---------- SUPPLIED ENTRIES ----------

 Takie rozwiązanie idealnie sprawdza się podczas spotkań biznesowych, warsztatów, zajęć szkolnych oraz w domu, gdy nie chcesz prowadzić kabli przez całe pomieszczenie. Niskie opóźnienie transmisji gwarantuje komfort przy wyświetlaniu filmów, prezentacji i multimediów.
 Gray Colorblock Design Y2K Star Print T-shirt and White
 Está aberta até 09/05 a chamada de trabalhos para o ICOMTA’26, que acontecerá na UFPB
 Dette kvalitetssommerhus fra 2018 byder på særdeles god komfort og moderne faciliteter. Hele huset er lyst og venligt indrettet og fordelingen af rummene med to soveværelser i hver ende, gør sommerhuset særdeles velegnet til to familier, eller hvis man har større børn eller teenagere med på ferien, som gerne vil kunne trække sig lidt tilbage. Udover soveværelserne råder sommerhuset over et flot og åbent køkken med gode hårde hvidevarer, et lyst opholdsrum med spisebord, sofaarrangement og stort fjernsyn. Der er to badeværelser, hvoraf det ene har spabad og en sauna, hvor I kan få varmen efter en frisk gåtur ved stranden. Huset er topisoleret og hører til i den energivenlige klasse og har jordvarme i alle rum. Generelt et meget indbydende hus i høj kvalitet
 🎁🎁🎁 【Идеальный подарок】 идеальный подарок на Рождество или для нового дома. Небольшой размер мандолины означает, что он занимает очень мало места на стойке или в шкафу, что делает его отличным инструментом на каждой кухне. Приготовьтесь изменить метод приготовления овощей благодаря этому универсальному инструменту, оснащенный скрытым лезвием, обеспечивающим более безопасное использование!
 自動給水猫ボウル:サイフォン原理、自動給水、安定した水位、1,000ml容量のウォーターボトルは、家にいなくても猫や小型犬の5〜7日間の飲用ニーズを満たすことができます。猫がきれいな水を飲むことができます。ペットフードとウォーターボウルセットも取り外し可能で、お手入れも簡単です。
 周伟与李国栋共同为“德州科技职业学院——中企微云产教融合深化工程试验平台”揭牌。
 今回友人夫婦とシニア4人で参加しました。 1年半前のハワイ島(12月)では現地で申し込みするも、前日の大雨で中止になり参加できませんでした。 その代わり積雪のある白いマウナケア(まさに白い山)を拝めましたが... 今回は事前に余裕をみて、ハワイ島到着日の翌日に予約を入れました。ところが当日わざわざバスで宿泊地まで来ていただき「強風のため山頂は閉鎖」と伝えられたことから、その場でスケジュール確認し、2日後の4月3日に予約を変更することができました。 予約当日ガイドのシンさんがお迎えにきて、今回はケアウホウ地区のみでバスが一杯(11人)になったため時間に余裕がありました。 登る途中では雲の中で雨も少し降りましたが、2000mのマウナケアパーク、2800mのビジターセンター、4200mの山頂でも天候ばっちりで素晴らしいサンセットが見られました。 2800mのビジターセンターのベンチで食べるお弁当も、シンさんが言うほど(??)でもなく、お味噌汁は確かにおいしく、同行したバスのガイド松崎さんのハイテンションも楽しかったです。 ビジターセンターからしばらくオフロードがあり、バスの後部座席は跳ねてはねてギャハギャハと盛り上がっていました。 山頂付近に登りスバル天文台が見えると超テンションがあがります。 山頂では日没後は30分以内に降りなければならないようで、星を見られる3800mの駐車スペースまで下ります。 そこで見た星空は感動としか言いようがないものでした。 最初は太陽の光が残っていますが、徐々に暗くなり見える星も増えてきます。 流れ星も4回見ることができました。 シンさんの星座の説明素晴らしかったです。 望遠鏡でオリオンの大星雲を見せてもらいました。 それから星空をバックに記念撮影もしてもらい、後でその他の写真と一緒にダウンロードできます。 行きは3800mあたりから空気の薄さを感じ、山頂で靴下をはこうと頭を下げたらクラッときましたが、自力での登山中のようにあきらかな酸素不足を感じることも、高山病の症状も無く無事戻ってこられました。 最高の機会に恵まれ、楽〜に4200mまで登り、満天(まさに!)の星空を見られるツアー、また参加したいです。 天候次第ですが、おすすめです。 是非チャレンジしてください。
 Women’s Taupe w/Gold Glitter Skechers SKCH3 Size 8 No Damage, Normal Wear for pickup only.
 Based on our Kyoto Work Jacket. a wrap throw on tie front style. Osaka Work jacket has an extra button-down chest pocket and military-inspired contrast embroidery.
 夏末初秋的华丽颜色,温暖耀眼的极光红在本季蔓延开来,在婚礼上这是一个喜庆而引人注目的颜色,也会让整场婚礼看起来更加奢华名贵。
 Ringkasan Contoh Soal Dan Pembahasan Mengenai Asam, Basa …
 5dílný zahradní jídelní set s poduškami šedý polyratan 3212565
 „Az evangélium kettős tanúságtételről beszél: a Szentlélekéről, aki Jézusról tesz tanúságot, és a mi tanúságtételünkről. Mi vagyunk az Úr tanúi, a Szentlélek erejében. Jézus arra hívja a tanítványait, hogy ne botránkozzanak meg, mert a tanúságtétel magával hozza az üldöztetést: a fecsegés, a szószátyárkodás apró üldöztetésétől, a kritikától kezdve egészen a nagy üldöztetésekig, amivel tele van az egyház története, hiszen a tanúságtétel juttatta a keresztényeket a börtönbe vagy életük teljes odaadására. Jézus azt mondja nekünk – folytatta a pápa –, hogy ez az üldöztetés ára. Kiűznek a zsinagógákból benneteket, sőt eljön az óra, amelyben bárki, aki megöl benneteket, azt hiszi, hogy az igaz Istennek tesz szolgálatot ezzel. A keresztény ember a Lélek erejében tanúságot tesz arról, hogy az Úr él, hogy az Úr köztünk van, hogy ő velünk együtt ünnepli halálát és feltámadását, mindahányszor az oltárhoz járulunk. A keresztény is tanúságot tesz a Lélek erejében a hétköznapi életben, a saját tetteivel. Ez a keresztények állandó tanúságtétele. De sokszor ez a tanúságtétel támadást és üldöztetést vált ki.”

----------

The full listing, repeated exactly, is the expected answer.

### ANSWER AREA
 Takie rozwiązanie idealnie sprawdza się podczas spotkań biznesowych, warsztatów, zajęć szkolnych oraz w domu, gdy nie chcesz prowadzić kabli przez całe pomieszczenie. Niskie opóźnienie transmisji gwarantuje komfort przy wyświetlaniu filmów, prezentacji i multimediów.
 Gray Colorblock Design Y2K Star Print T-shirt and White
 Está aberta até 09/05 a chamada de trabalhos para o ICOMTA’26, que acontecerá na UFPB
 Dette kvalitetssommerhus fra 2018 byder på særdeles god komfort og moderne faciliteter. Hele huset er lyst og venligt indrettet og fordelingen af rummene med to soveværelser i hver ende, gør sommerhuset særdeles velegnet til to familier, eller hvis man har større børn eller teenagere med på ferien, som gerne vil kunne trække sig lidt tilbage. Udover soveværelserne råder sommerhuset over et flot og åbent køkken med gode hårde hvidevarer, et lyst opholdsrum med spisebord, sofaarrangement og stort fjernsyn. Der er to badeværelser, hvoraf det ene har spabad og en sauna, hvor I kan få varmen efter en frisk gåtur ved stranden. Huset er topisoleret og hører til i den energivenlige klasse og har jordvarme i alle rum. Generelt et meget indbydende hus i høj kvalitet
 🎁🎁🎁 【Идеальный подарок】 идеальный подарок на Рождество или для нового дома. Небольшой размер мандолины означает, что он занимает очень мало места на стойке или в шкафу, что делает его отличным инструментом на каждой кухне. Приготовьтесь изменить метод приготовления овощей благодаря этому универсальному инструменту, оснащенный скрытым лезвием, обеспечивающим более безопасное использование!
 自動給水猫ボウル:サイフォン原理、自動給水、安定した水位、1,000ml容量のウォーターボトルは、家にいなくても猫や小型犬の5〜7日間の飲用ニーズを満たすことができます。猫がきれいな水を飲むことができます。ペットフードとウォーターボウルセットも取り外し可能で、お手入れも簡単です。
 周伟与李国栋共同为“德州科技职业学院——中企微云产教融合深化工程试验平台”揭牌。
 今回友人夫婦とシニア4人で参加しました。 1年半前のハワイ島(12月)では現地で申し込みするも、前日の大雨で中止になり参加できませんでした。 その代わり積雪のある白いマウナケア(まさに白い山)を拝めましたが... 今回は事前に余裕をみて、ハワイ島到着日の翌日に予約を入れました。ところが当日わざわざバスで宿泊地まで来ていただき「強風のため山頂は閉鎖」と伝えられたことから、その場でスケジュール確認し、2日後の4月3日に予約を変更することができました。 予約当日ガイドのシンさんがお迎えにきて、今回はケアウホウ地区のみでバスが一杯(11人)になったため時間に余裕がありました。 登る途中では雲の中で雨も少し降りましたが、2000mのマウナケアパーク、2800mのビジターセンター、4200mの山頂でも天候ばっちりで素晴らしいサンセットが見られました。 2800mのビジターセンターのベンチで食べるお弁当も、シンさんが言うほど(??)でもなく、お味噌汁は確かにおいしく、同行したバスのガイド松崎さんのハイテンションも楽しかったです。 ビジターセンターからしばらくオフロードがあり、バスの後部座席は跳ねてはねてギャハギャハと盛り上がっていました。 山頂付近に登りスバル天文台が見えると超テンションがあがります。 山頂では日没後は30分以内に降りなければならないようで、星を見られる3800mの駐車スペースまで下ります。 そこで見た星空は感動としか言いようがないものでした。 最初は太陽の光が残っていますが、徐々に暗くなり見える星も増えてきます。 流れ星も4回見ることができました。 シンさんの星座の説明素晴らしかったです。 望遠鏡でオリオンの大星雲を見せてもらいました。 それから星空をバックに記念撮影もしてもらい、後でその他の写真と一緒にダウンロードできます。 行きは3800mあたりから空気の薄さを感じ、山頂で靴下をはこうと頭を下げたらクラッときましたが、自力での登山中のようにあきらかな酸素不足を感じることも、高山病の症状も無く無事戻ってこられました。 最高の機会に恵まれ、楽〜に4200mまで登り、満天(まさに!)の星空を見られるツアー、また参加したいです。 天候次第ですが、おすすめです。 是非チャレンジしてください。
 Women’s Taupe w/Gold Glitter Skechers SKCH3 Size 8 No Damage, Normal Wear for pickup only.
 Based on our Kyoto Work Jacket. a wrap throw on tie front style. Osaka Work jacket has an extra button-down chest pocket and military-inspired contrast embroidery.
 夏末初秋的华丽颜色,温暖耀眼的极光红在本季蔓延开来,在婚礼上这是一个喜庆而引人注目的颜色,也会让整场婚礼看起来更加奢华名贵。
 Ringkasan Contoh Soal Dan Pembahasan Mengenai Asam, Basa …
 5dílný zahradní jídelní set s poduškami šedý polyratan 3212565
 „Az evangélium kettős tanúságtételről beszél: a Szentlélekéről, aki Jézusról tesz tanúságot, és a mi tanúságtételünkről. Mi vagyunk az Úr tanúi, a Szentlélek erejében. Jézus arra hívja a tanítványait, hogy ne botránkozzanak meg, mert a tanúságtétel magával hozza az üldöztetést: a fecsegés, a szószátyárkodás apró üldöztetésétől, a kritikától kezdve egészen a nagy üldöztetésekig, amivel tele van az egyház története, hiszen a tanúságtétel juttatta a keresztényeket a börtönbe vagy életük teljes odaadására. Jézus azt mondja nekünk – folytatta a pápa –, hogy ez az üldöztetés ára. Kiűznek a zsinagógákból benneteket, sőt eljön az óra, amelyben bárki, aki megöl benneteket, azt hiszi, hogy az igaz Istennek tesz szolgálatot ezzel. A keresztény ember a Lélek erejében tanúságot tesz arról, hogy az Úr él, hogy az Úr köztünk van, hogy ő velünk együtt ünnepli halálát és feltámadását, mindahányszor az oltárhoz járulunk. A keresztény is tanúságot tesz a Lélek erejében a hétköznapi életben, a saját tetteivel. Ez a keresztények állandó tanúságtétele. De sokszor ez a tanúságtétel támadást és üldöztetést vált ki.”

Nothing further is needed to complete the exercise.